Our members-only podcast is now available to all! A People’s Anthology is a reading series of radical essays and speeches. Season one highlights six short texts related to Black liberation struggles in the U.S., from Claudia Jones to the Combahee River Collective. Find the other episodes and links to Apple, Spotify, and more here.

Read and introduced by Carole Boyce Davies.

Born in 1915 in Port Au Spain, Trinidad and Tobago, Claudia Jones grew up in Harlem during its renaissance and joined the Communist Party aged 18 before becoming a scholar and activist.
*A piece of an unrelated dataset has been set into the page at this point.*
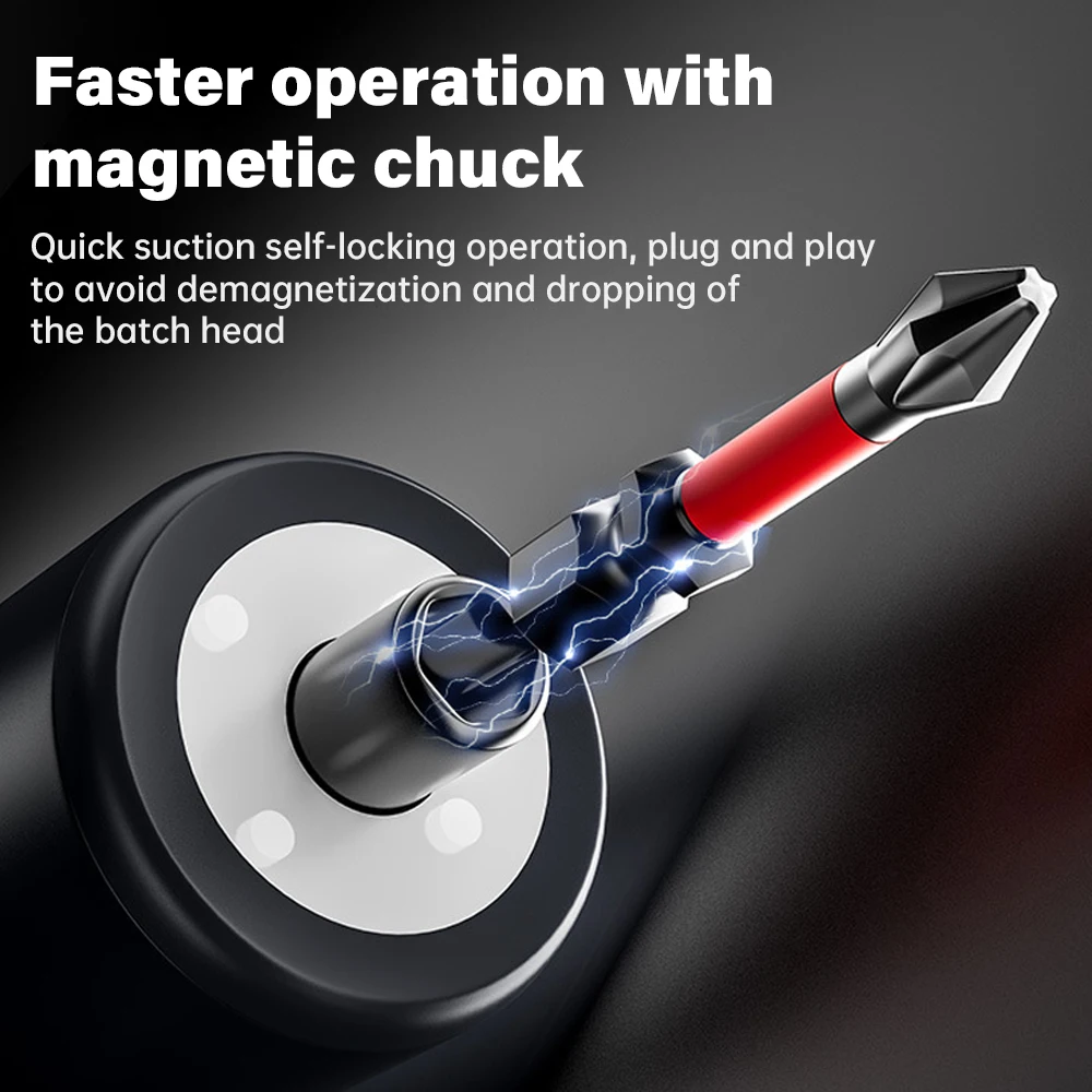 1. MOTOR SIN ESCOVAS: Con un potente motor magnético sin escobillas, el destornillador eléctrico es adecuado para una variedad de aplicaciones de perforación y fijación.Con una velocidad sin carga de hasta 200 rpm, el destornillador hexagonal le permite cambiar rápidamente las puntas del destornillador para satisfacer sus necesidades.

After being incarcerated for her work with the party, she was deported in 1955 and found refuge in the United Kingdom. It was here that she founded the longstanding Notting Hill Carnival and made her most famous request: that she would be buried “to the left of Karl Marx.”

This episode dives into Claudia Jones’s 1949 essay “An End to the Neglect of the Problems of the Negro Woman!”—an early, woefully understudied text Black feminist Marxism. In our interview, Africana studies professor Carole Boyce Davies speaks to the importance of the essay:

One of my colleagues who is producing a book on Black feminism wants to date Black feminist thought from this particular essay. One could of course take it back further to Harriet Tubman or even Ida B. Wells—but it is Claudia Jones who puts together questions that became central to Black feminist theorizing and the work of people like Angela Davis. Jones builds on classic Marxist thought to define the super-exploitation of the Black woman—how we are exploited not just through class, but through class, race, and gender.


Carole Boyce Davies is a professor of English and Africana Studies at Cornell. She is the author of Left of Karl Marx: The Political Life of Black Communist Claudia Jones.